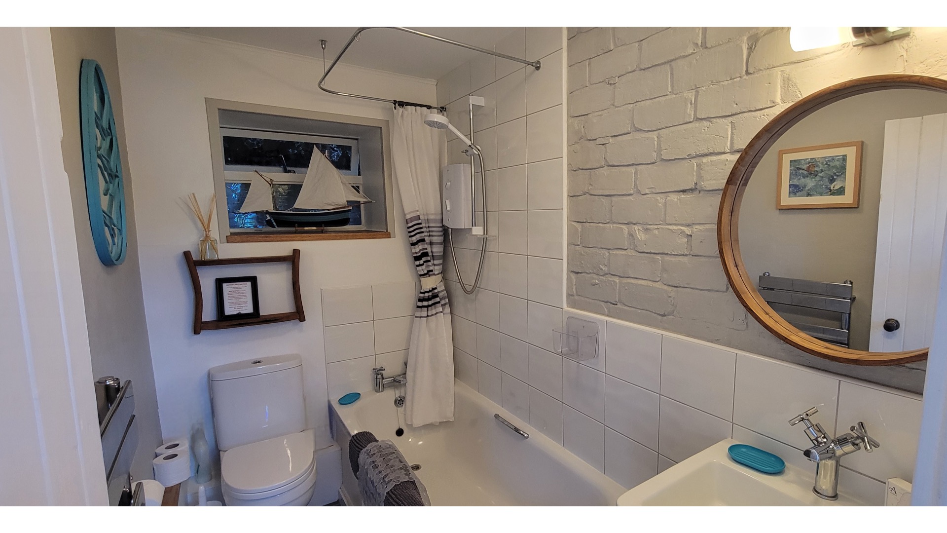 - Downstairs bathroom with under-floor heating and over-bath shower.
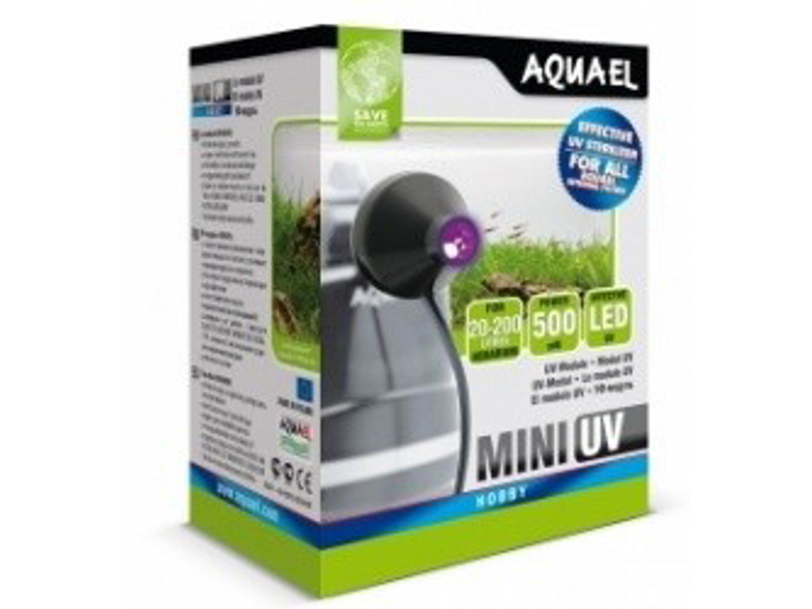 • MINI UV LEDuniversal (samarbejder med alle AQUAEL interne filtre) eliminerer effektivt bakterier, protozoer og flydende alger ved et lavt strømforbrug (mindre end 1W) kompakt i størrelse (pletter ikke akvariets indre) let at installere langtidsholdbar og fejlfri
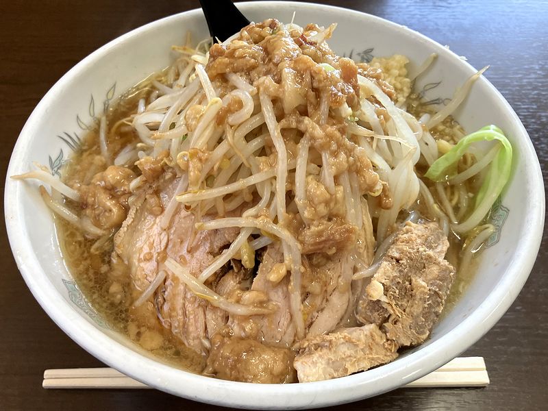 そして具は、ホロトロのバラチャーシューが白眉。柔らかいので、具のモヤシ(たっぷり)とキャベツ、更には麺と絡めていただくと、これが、また。加えてこの日はオマケ的わりと大きな肉片が入っていたのも嬉しかったですね。
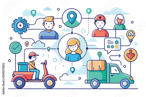 Векторный набор плакатов с доставкой. Доставка воды, пиццы, доставка цветов и доставка еды элементы дизайна в плоском стиле.

ABOUT THIS TASK →
Starting at the line that contains "langtidsholdbar og fejlfri" and ending at the line that contains "そして具は、ホロトロのバラチ", transcribe the material above exactly, excluding pictures.

OUTPUT BELOW →
 • MINI UV LEDuniversal (samarbejder med alle AQUAEL interne filtre) eliminerer effektivt bakterier, protozoer og flydende alger ved et lavt strømforbrug (mindre end 1W) kompakt i størrelse (pletter ikke akvariets indre) let at installere langtidsholdbar og fejlfri
 そして具は、ホロトロのバラチャーシューが白眉。柔らかいので、具のモヤシ(たっぷり)とキャベツ、更には麺と絡めていただくと、これが、また。加えてこの日はオマケ的わりと大きな肉片が入っていたのも嬉しかったですね。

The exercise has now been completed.